The Fed should get ready for higher unemployment
ANNOUNCING another interest-rate increase on Wednesday (Jul 27), United States Federal Reserve chair Jerome Powell said that the path toward a soft landing — with lower inflation and no significant rise in unemployment — has narrowed. The question is whether there is any such path.
On Thursday, the first estimate of US second-quarter gross domestic product (GDP) showed a fall of 0.9 per cent at an annual rate. This came after a drop of 1.6 per cent in the first quarter. Two consecutive quarters of lower GDP are generally termed a “technical recession” — although it’s too soon to say whether this one is the real thing. The data get revised and, more important, the labour market still looks exceptionally tight. Under current circumstances, Powell would be delighted with a pause in output growth that causes no rise in unemployment yet still presses down on inflation. That would be deemed a soft landing.

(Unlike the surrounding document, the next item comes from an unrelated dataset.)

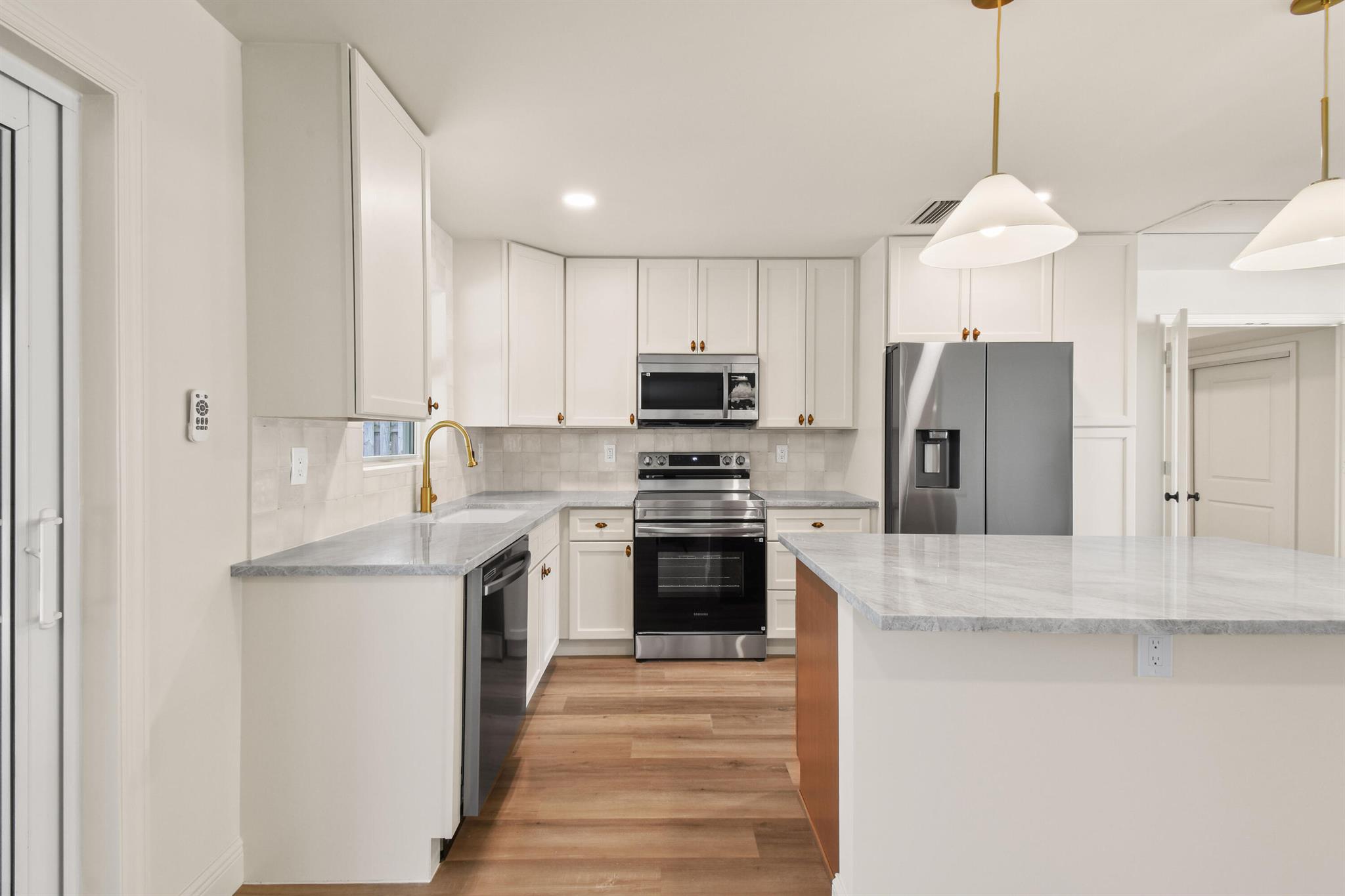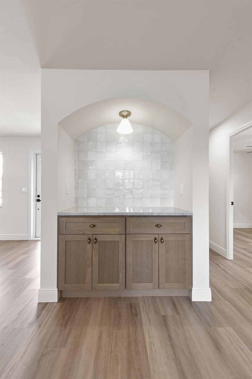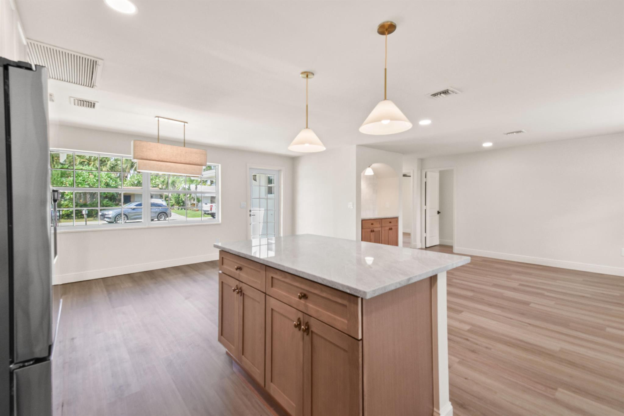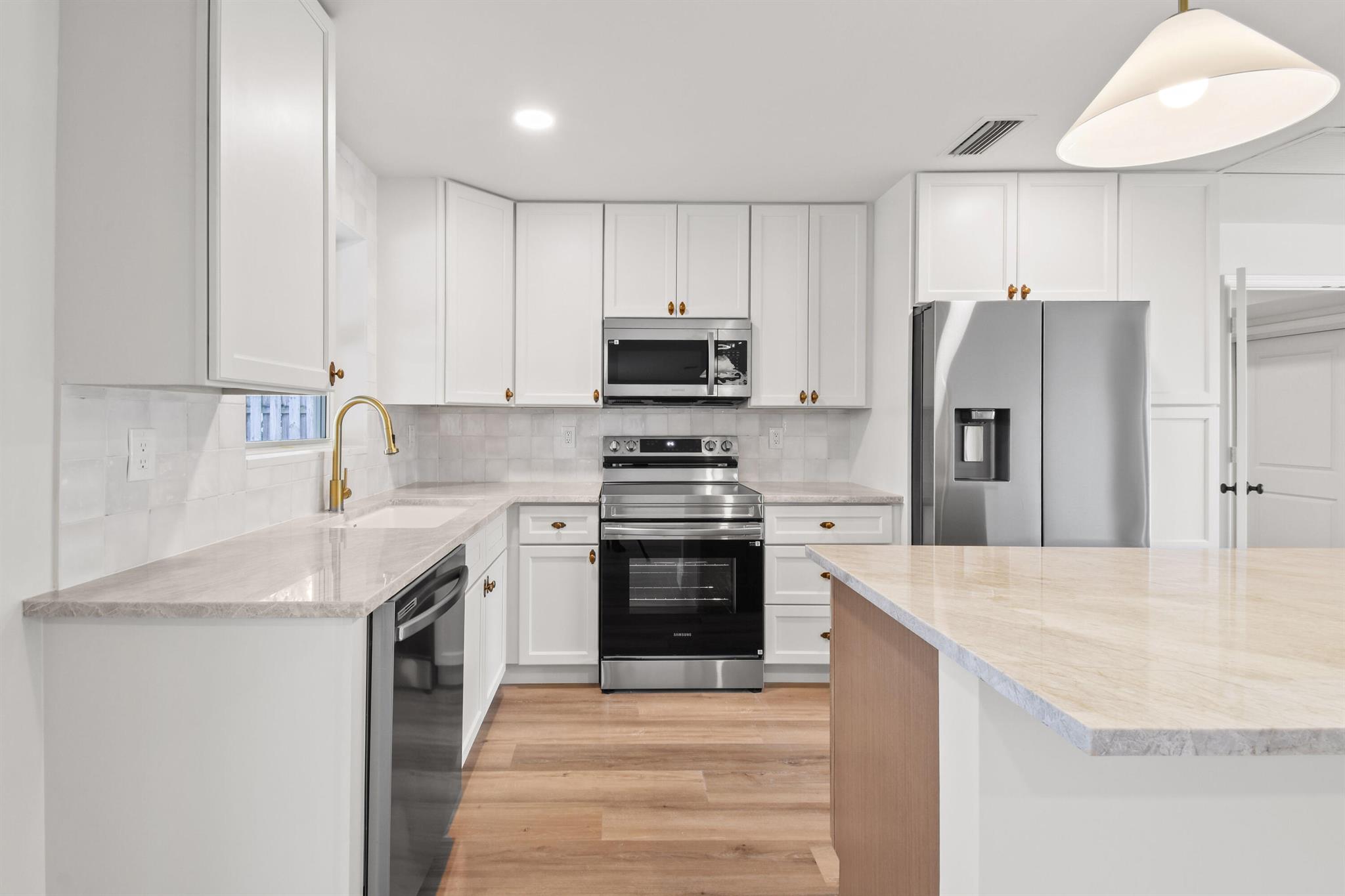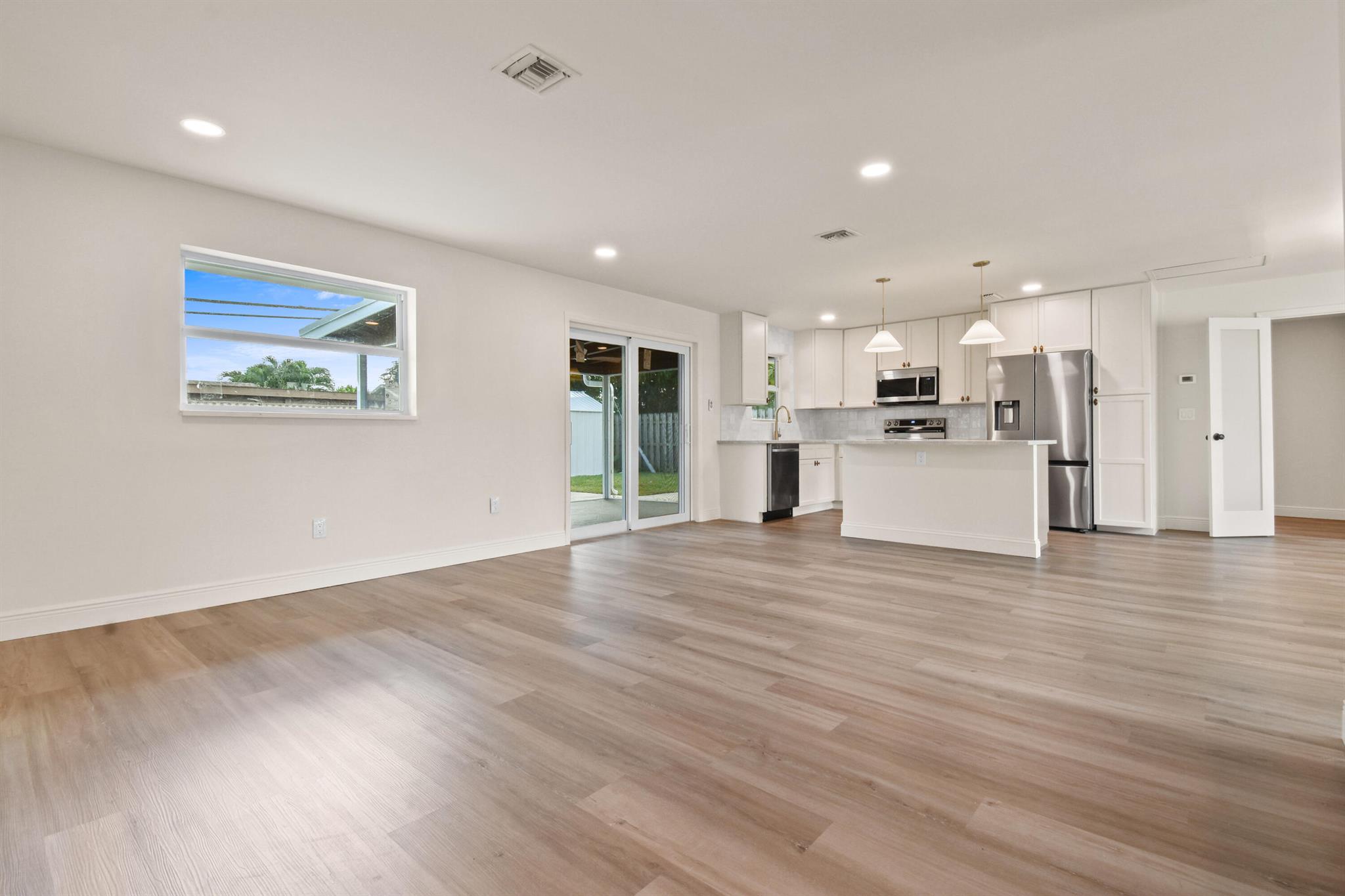 Thoughtfully designed and expertly curated fully remodeled 4-bedroom, 2-bath pool home in one of Palm Beach Gardens' most desirable NO HOA communities. Easy to show and move-in ready! Features a brand-new shingle roof (2025), PGT impact windows and doors (2025), and landscaping. Inside offers new waterproof LVP flooring, designer finishes, West Elm lighting, custom trim, and a stunning arched dry bar with Taj Mahal counters and white oak cabinetry. The kitchen features Samsung stainless appliances, Taj Mahal tops, a 5-ft island, and all-wood soft-close cabinetry. Includes a LARGE LAUNDRY ROOM with two quartz counter, resurfaced pool, screened patio, and fenced yard. Exceptional location near PGA Blvd, parks, golf, dining, shopping, and beaches.
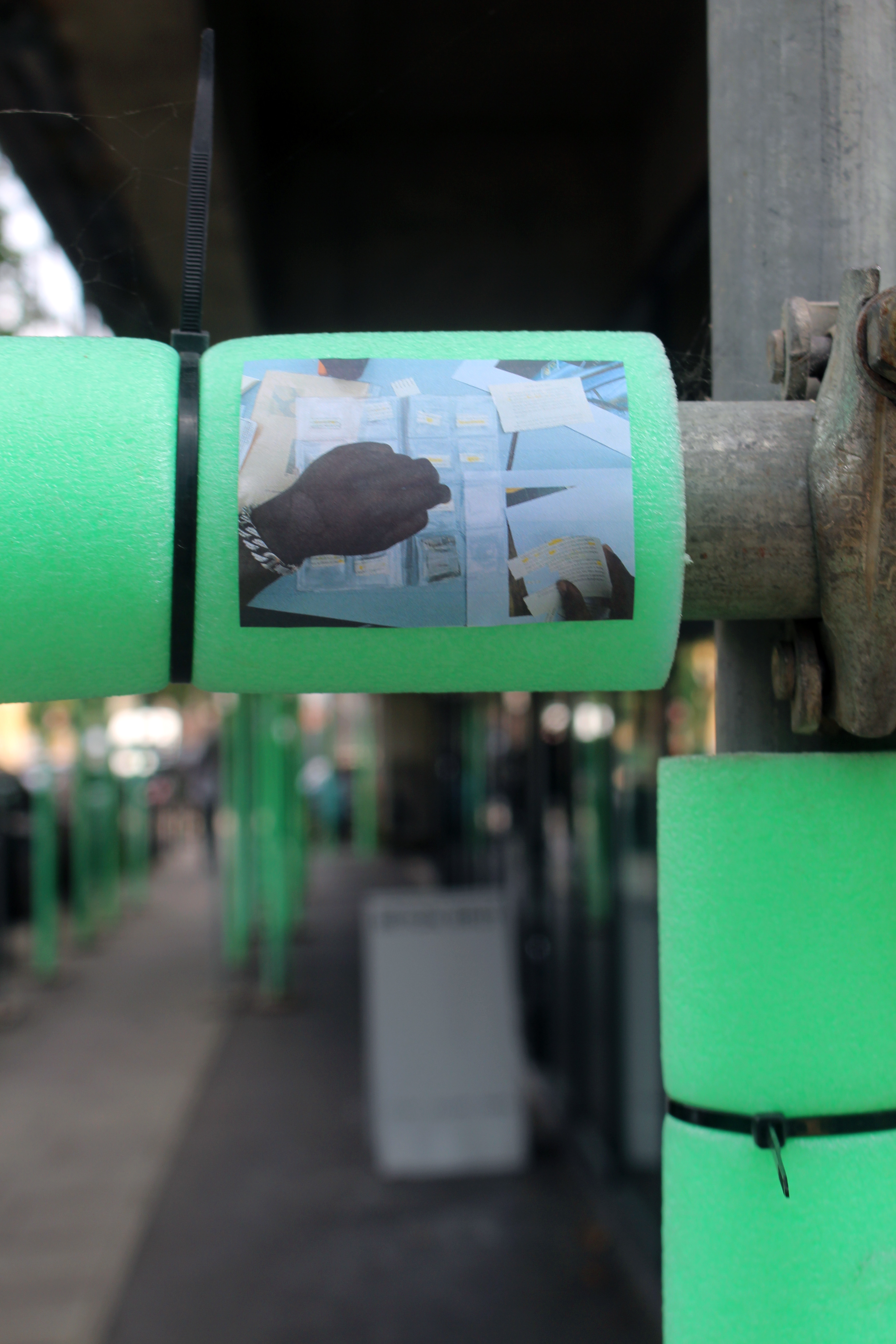 Considering how to distribute the instances of our making into exhibition contexts, we also planted some stickers of images close to the residents local areas, to encourage them to venture out into their nearby localities and to reaffirm their making outside of our sessions together.

But would this kind of slowdown suffice to get inflation back under control? Monetary policy can curb growth in demand — somewhat uncertainly, and with a lag. How that demand resolves into changes in output, employment and prices is beyond the Fed’s reach. The central bank’s choices boil down to this: Does it try to curb demand gradually (which risks letting high inflation get entrenched) or abruptly (which risks a severe recession and much higher unemployment)? It has no finer control than that.